What Was I Thinking?

CRAYON BOMBS - The Water EP

It isn’t often that I look back on the older songs I’ve written. This is due, in part, to the fact that I don’t carry the curse of popularity and I’m not constantly asked to play the same hit songs over and over again. Once a song, or even an entire album, begins to fall out of my setlist, it rarely finds its way back in. The positive, at least for me, is that I’m always playing the music that feels most relevant to who I am at any given moment. Still, I think it could be valuable to look back on some of my forgotten songs and talk about what they meant to me then, how I’ve changed, and what significance they may take on now. That is the inspiration for this new TMI series, that I’m calling What Was I Thinking? 

Given that the topic of this month’s In the Corner conversation is politics, I thought that Crayon Bombs from The Water EP would be a good start.

LISTEN ON SPOTIFY (or go to the music page of my website).

 

What It Meant to Me Then

The year is a bit fuzzy, somewhere in the mid-2000s, and I was attending my first songwriting conference as a very green singer/songwriter. I technically had an entire record under my belt by that point, but let’s just say there’s a reason that first record is never mentioned and is incredibly hard to find. Checking in at the conference, I was invited to draw a piece of paper from a hat and was told that it would be my song assignment for the weekend. As I unfolded the note, I read the words, “Crayola Bombs to End the War.” Jackpot! 

America, at the time, was smack-dab in the middle of our “War on Terror,” and country singer Toby Keith led the call for putting boots up people’s asses because, well, it’s “the American way.” Now, I have certainly never claimed to be an expert on foreign affairs, but I do have many opinions on the value of human life and I certainly hope that the American way involves much more compassion and nuance, so trying my hand at an anti-war song seemed like a good way to spend my weekend. 

The actual writing of the song came pretty quickly. I mean, it’s all there in the prompt. If only we could get back to the attitudes we often employed as children, full of passion, yes, but also full of grace, creativity, and forgiveness, then maybe we could find ways to solve our problems without violence. 

 

How I’ve Changed

Looking back at myself in that song, I see the idealism that dominated my personality and beliefs.
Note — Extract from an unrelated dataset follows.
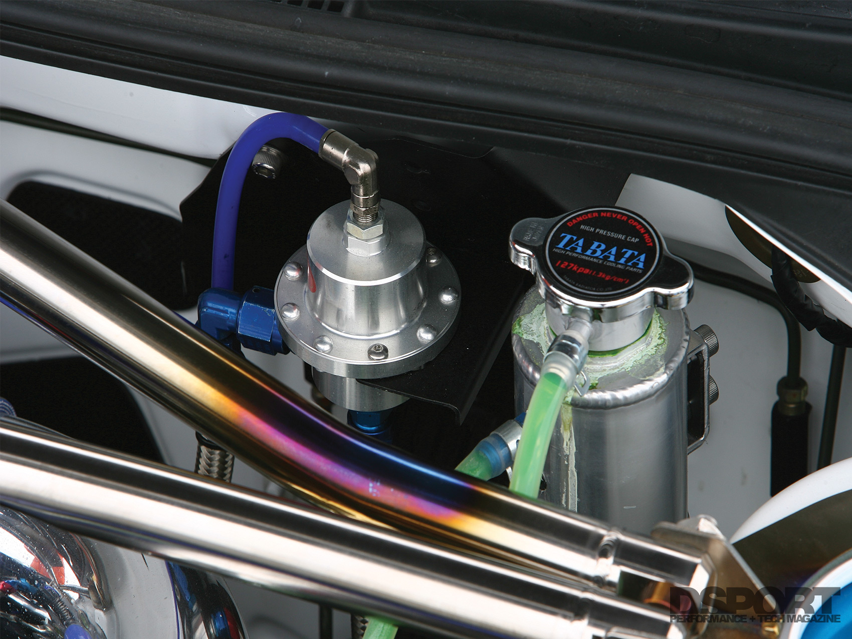 With 592 horsepower on tap, the stroked 4G63 generates a considerable amount of heat. To combat these extreme temperatures, Samco silicone hoses and an F-Win racing radiator replace the factory components as the primary means of heat exchange for the engine. An HKS low-temperature thermostat works in conjunction with the radiator to keep the heat down, while a Tabata air-separator tank keeps the cooling system running at optimal efficiency. An HKS oil cooler further supplements and completes the cooling system.

That isn’t to say that I’ve lost all of it now, but, as I’ve grown older, I lean more into the fact that nothing is as simple as we would like it to be. 

I was far removed from my playground days in the mid-2000s. Now, as a parent, I’m reminded that kids are actually not very good at forgiveness. But what they lack in clemency, they more than make up for with forgetfulness. When things are going well for my daughters in their social interactions, past grievances aren’t given a thought. But the moment something negative happens, the emotional war strikes back up. 

The playground conflict is not something that can simply be fixed by coming together momentarily and the same goes for our conflicts as a society. As beautiful as the picture of “crayon bombs” might be, we can’t solve our conflicts through forgetfulness. 

I think about the story of the Christmas Truce of 1914 when German and British troops supposedly put down their weapons to sing carols together. In essence, they lived out my song - only to resume fighting the next day. 

I still love to hear a good idealism. They make me feel warm and fuzzy inside like anything is possible. But I believe that if there is any chance for humanity to find peace, globally or locally, we have to stop waiting for ideals and start putting in the work. Grace, forgiveness, and understanding require practice and intentionality, and most of all humility. 

Yes, let’s “paint the world the color of love,” but we shouldn’t be too entrenched in our own understanding of what that color looks like. We need to listen to people outside of our own community and start seeing love as a multiplicity of color.